**INFORMATION PROVIDED:**

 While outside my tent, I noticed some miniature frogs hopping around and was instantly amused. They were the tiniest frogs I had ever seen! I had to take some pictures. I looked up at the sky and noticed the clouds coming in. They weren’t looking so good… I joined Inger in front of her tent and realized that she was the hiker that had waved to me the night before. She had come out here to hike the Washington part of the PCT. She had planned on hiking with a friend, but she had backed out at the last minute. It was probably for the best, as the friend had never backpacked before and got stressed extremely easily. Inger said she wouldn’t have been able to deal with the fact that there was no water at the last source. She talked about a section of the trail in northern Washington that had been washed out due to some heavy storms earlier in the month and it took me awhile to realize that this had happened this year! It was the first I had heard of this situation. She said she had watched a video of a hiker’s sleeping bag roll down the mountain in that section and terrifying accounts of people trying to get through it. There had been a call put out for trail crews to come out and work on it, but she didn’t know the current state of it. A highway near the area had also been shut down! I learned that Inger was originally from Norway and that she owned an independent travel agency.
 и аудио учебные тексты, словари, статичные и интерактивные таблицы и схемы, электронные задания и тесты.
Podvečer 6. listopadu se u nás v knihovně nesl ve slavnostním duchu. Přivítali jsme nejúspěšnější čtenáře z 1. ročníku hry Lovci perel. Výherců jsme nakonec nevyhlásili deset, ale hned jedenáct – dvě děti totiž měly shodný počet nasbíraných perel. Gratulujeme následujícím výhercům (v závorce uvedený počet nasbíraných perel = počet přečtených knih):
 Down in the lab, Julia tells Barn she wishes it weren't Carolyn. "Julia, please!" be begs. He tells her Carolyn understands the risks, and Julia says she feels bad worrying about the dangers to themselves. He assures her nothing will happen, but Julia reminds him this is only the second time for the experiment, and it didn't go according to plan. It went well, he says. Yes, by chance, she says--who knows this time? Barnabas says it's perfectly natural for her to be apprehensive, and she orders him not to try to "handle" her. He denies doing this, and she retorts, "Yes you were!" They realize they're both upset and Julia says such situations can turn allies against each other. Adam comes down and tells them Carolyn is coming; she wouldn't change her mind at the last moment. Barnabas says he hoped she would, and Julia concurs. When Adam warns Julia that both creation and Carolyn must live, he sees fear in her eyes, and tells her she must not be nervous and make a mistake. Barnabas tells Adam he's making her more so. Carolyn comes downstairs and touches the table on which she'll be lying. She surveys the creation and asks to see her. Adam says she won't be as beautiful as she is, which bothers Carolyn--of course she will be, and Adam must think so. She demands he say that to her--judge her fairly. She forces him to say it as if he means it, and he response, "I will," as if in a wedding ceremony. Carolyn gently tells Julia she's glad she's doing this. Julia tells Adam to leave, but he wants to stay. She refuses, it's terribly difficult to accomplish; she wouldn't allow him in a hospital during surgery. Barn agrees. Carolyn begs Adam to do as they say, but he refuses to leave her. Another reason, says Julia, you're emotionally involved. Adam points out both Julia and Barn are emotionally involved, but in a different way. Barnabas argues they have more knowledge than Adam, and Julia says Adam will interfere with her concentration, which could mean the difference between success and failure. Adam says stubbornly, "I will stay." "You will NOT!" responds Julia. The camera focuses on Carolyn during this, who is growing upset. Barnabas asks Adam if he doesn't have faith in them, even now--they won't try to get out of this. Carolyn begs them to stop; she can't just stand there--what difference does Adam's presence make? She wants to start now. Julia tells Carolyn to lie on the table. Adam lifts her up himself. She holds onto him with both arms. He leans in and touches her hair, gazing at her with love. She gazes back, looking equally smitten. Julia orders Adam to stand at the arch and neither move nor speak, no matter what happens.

**WHAT IS NEEDED:**
Whatever appears in the data above is to be set down exactly.

**TASK ANSWER:**
 While outside my tent, I noticed some miniature frogs hopping around and was instantly amused. They were the tiniest frogs I had ever seen! I had to take some pictures. I looked up at the sky and noticed the clouds coming in. They weren’t looking so good… I joined Inger in front of her tent and realized that she was the hiker that had waved to me the night before. She had come out here to hike the Washington part of the PCT. She had planned on hiking with a friend, but she had backed out at the last minute. It was probably for the best, as the friend had never backpacked before and got stressed extremely easily. Inger said she wouldn’t have been able to deal with the fact that there was no water at the last source. She talked about a section of the trail in northern Washington that had been washed out due to some heavy storms earlier in the month and it took me awhile to realize that this had happened this year! It was the first I had heard of this situation. She said she had watched a video of a hiker’s sleeping bag roll down the mountain in that section and terrifying accounts of people trying to get through it. There had been a call put out for trail crews to come out and work on it, but she didn’t know the current state of it. A highway near the area had also been shut down! I learned that Inger was originally from Norway and that she owned an independent travel agency.
 и аудио учебные тексты, словари, статичные и интерактивные таблицы и схемы, электронные задания и тесты.
Podvečer 6. listopadu se u nás v knihovně nesl ve slavnostním duchu. Přivítali jsme nejúspěšnější čtenáře z 1. ročníku hry Lovci perel. Výherců jsme nakonec nevyhlásili deset, ale hned jedenáct – dvě děti totiž měly shodný počet nasbíraných perel. Gratulujeme následujícím výhercům (v závorce uvedený počet nasbíraných perel = počet přečtených knih):
 Down in the lab, Julia tells Barn she wishes it weren't Carolyn. "Julia, please!" be begs. He tells her Carolyn understands the risks, and Julia says she feels bad worrying about the dangers to themselves. He assures her nothing will happen, but Julia reminds him this is only the second time for the experiment, and it didn't go according to plan. It went well, he says. Yes, by chance, she says--who knows this time? Barnabas says it's perfectly natural for her to be apprehensive, and she orders him not to try to "handle" her. He denies doing this, and she retorts, "Yes you were!" They realize they're both upset and Julia says such situations can turn allies against each other. Adam comes down and tells them Carolyn is coming; she wouldn't change her mind at the last moment. Barnabas says he hoped she would, and Julia concurs. When Adam warns Julia that both creation and Carolyn must live, he sees fear in her eyes, and tells her she must not be nervous and make a mistake. Barnabas tells Adam he's making her more so. Carolyn comes downstairs and touches the table on which she'll be lying. She surveys the creation and asks to see her. Adam says she won't be as beautiful as she is, which bothers Carolyn--of course she will be, and Adam must think so. She demands he say that to her--judge her fairly. She forces him to say it as if he means it, and he response, "I will," as if in a wedding ceremony. Carolyn gently tells Julia she's glad she's doing this. Julia tells Adam to leave, but he wants to stay. She refuses, it's terribly difficult to accomplish; she wouldn't allow him in a hospital during surgery. Barn agrees. Carolyn begs Adam to do as they say, but he refuses to leave her. Another reason, says Julia, you're emotionally involved. Adam points out both Julia and Barn are emotionally involved, but in a different way. Barnabas argues they have more knowledge than Adam, and Julia says Adam will interfere with her concentration, which could mean the difference between success and failure. Adam says stubbornly, "I will stay." "You will NOT!" responds Julia. The camera focuses on Carolyn during this, who is growing upset. Barnabas asks Adam if he doesn't have faith in them, even now--they won't try to get out of this. Carolyn begs them to stop; she can't just stand there--what difference does Adam's presence make? She wants to start now. Julia tells Carolyn to lie on the table. Adam lifts her up himself. She holds onto him with both arms. He leans in and touches her hair, gazing at her with love. She gazes back, looking equally smitten. Julia orders Adam to stand at the arch and neither move nor speak, no matter what happens.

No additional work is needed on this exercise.